* TASK REQUIREMENTS *
Make an exact copy, without pictures, of the lines below from the one containing "성 안으로 들어가니 거인상이" to the last line, both ends included.

*** DATA PROVIDED

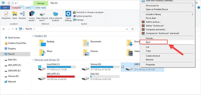 Tuy nhiên, khi kích hoạt tính năng này, bạn phải tháo USB đúng cách. Điều này có nghĩa là trước khi rút USB, bạn phải Click chuột phải và chọn Eject trước đó.
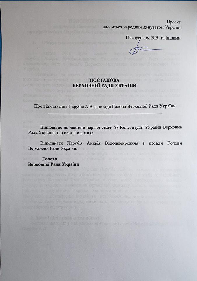 Народный депутат из партии "Видродження" Валерий Писаренко начал сбор подписей за отставку главы Верховной Рады Андрея Парубия.
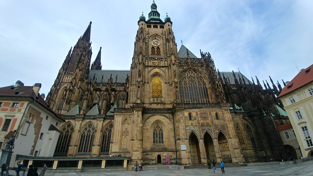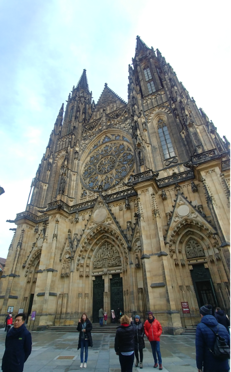성 안으로 들어가니 거인상이 나오는데 이것은 그리스 신화에 나오는 '싸우는 거인들'이라는 작품이라고 한다. 그리고 안으로 들어가 용도는 모르지만 우물처럼 생긴 것을 보고 난 뒤 고개를 드니 이곳 비트(비투스) 성당이 눈에 들어왔다. 아쉽게도 비트 성당 오픈이 11시라 관람을 포기하고 웅장한 외부 건물만 카메라에 담았다. 체코를 대표하는 성당으로 르네상스, 바로코, 고딕 양식이 시대를 거치면서 각종 양식이 혼재되어 나타나는 건물이라 한다. 길이 124m, 폭 60m, 높이 33m의 규모로 첨탑의 높이만 100m에 이른다. 다른 성당과 마찬가지로 이곳도 왕, 귀족 등의 공동묘지인데, 체코 최고의 성당이름으로 비투스 성인이름을 쓴 것은 비투스란 성인이 대단한 사람인가 보다 하고 자료를 찾아보니 BC 313년에 순교한 성인으로 보면 되겠다.
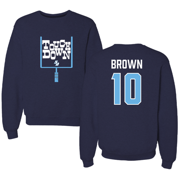 University of San Diego Football Navy Touchdown Crewneck - #10 Nathan Brown

******

* RESPONSE BOX *
성 안으로 들어가니 거인상이 나오는데 이것은 그리스 신화에 나오는 '싸우는 거인들'이라는 작품이라고 한다. 그리고 안으로 들어가 용도는 모르지만 우물처럼 생긴 것을 보고 난 뒤 고개를 드니 이곳 비트(비투스) 성당이 눈에 들어왔다. 아쉽게도 비트 성당 오픈이 11시라 관람을 포기하고 웅장한 외부 건물만 카메라에 담았다. 체코를 대표하는 성당으로 르네상스, 바로코, 고딕 양식이 시대를 거치면서 각종 양식이 혼재되어 나타나는 건물이라 한다. 길이 124m, 폭 60m, 높이 33m의 규모로 첨탑의 높이만 100m에 이른다. 다른 성당과 마찬가지로 이곳도 왕, 귀족 등의 공동묘지인데, 체코 최고의 성당이름으로 비투스 성인이름을 쓴 것은 비투스란 성인이 대단한 사람인가 보다 하고 자료를 찾아보니 BC 313년에 순교한 성인으로 보면 되겠다.
 University of San Diego Football Navy Touchdown Crewneck - #10 Nathan Brown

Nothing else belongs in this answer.